— Зверь я, Саша. Пока с людьми, так, того-этого, соблюдаю манеры, а попаду в лес, ну и ассимилируюсь, вернусь в первобытное состояние. На меня и темнота действует того-этого, очень подозрительно. Да как же и не действовать? У нас только в городах по ночам огонь, а по всей России темнота, либо спят люди, либо если уж выходят, то не за добром. Когда будет моя воля, все деревни, того-этого, велю осветить электричеством!
Он засмеялся, но невесело.
— Ты мне про кота рассказал, а хочешь, я тебе про некоего медведя расскажу? Добродетельный был медведь, знал все штуки и под конец, того-этого, проникся альтруизмом до высокой степени. Ну и случилось, что на вожака в лесу волки напали и уж совсем было загрызли, да медведь как двинет, того-этого, всю стаю расшвырял. Расшвырял и давай вожаку по своей привычке раны зализывать — все от добродетели, не иначе как-нибудь. Лизнул раз — что за черт, того-этого, сладко! Он другой, да третий, да до самого станового хребта и долизал! Съел, того-этого.
Рассказывал Колесников весело и даже как будто со смешком, но видно было, что ответа ждет беспокойно и возлагает на него какие-то свои надежды. И облегченно вздохнул, когда Саша промолвил со строгим упреком:
— Зачем ты чернишь себя, Василий? Эта сказка совсем к тебе не идет. И вообще ты напрасно весь день сегодня бросал слово «разбойник»: мы не в разбойники идем. У разбойника личное, а где оно у тебя? Что тебе нужно: богатство? — слава? — вино и любовь?
Колесников засмеялся так, будто сама душа его смеялась, и долго не мог успокоиться.
— Ну и сказал, того-этого! Вино, карты и любовь — хо-хо-хо!
Но Саша был серьезен и даже не улыбнулся на его неистовую веселость.
— Это вовсе не так смешно, Василий. И не знай я, что ты бескорыстнейший в мире человек и честнейший и самый нежный…
Колесников, вытиравший рукою глаза, — должно быть, от смеха слезились они, — коротко оборвал:
— Буде! Ходу!
Минут пять шли молча.
— Вот еще, Василий, чтобы не было недоразумений: мой отец… все-таки он был человек честный. По-своему, конечно, но очень честный, это я наверное знаю.

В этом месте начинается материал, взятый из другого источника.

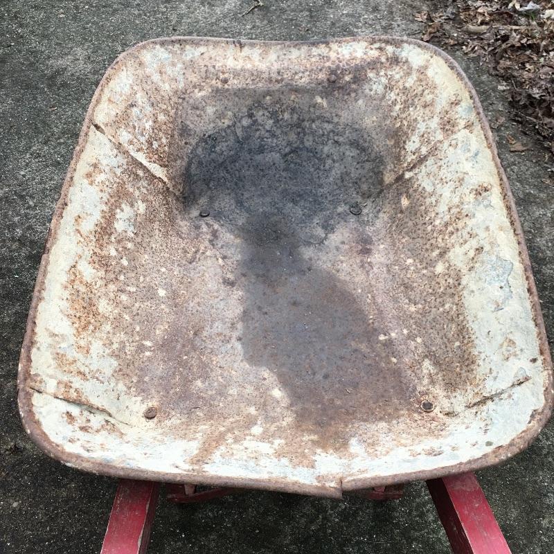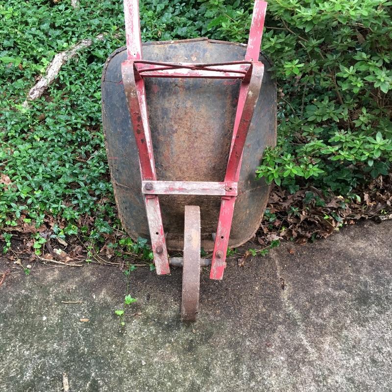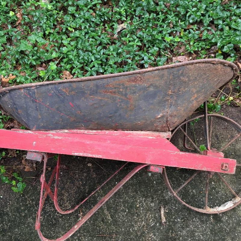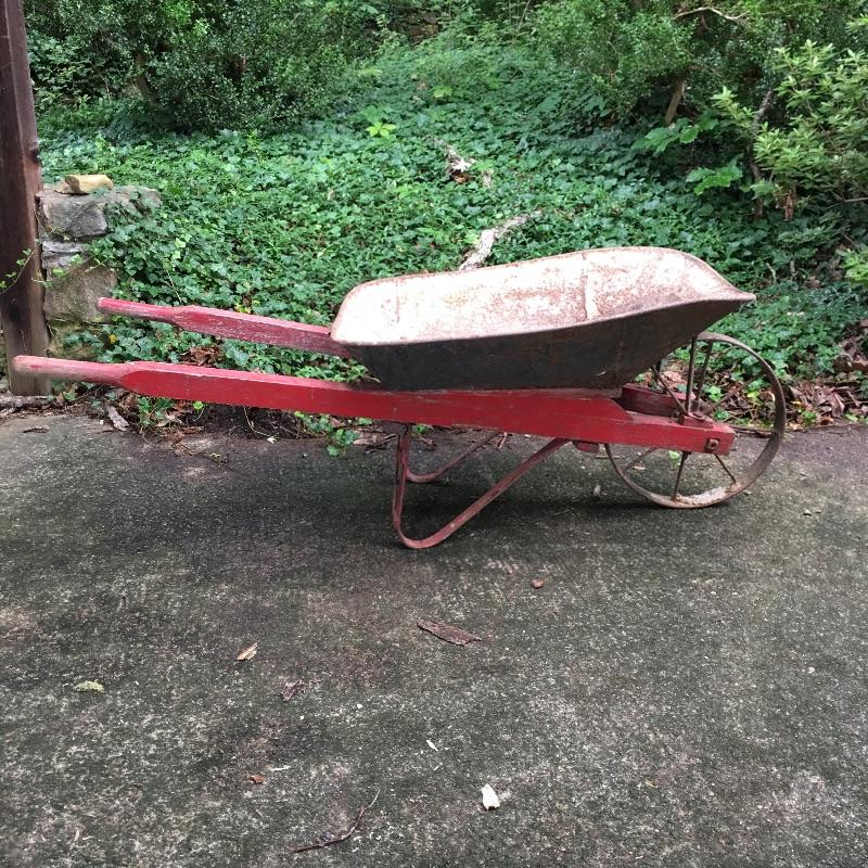 Vintage wheelbarrow with metal wheel. A great wheelbarrow to use as you will never get a flat tire or to make a great planter. Wheelbarrow measures 26” x 61” x 26”.

— Верю. А я, Саша, себе все-таки такие же сапоги куплю, как у тебя: в калошах по болотам не напрыгаешься. Можно бы, конечно, подешевле, ну да уж кутну напоследок, того-этого!
— Сегодня у нас воскресенье? Ну, так деньги я добуду не позже, как к четвергу. Эта тысяча положена отцом в банк до моего совершеннолетия, и я могу ею распоряжаться, но только трудно будет с векселем; надо узнать, как это делается. Ты знаешь?
— Нет.
— Все равно, деньги эти мне уже не понадобятся, так что можно дать большие проценты…
Было ли это юношеское, мало сознательное отношение к смерти, или то стойкое мужество, которое так отличило Сашу в его последние дни, но о смерти и говорил он и думал спокойно, как о необходимой составной части дела. Но так же, впрочем, относился к смерти и Колесников.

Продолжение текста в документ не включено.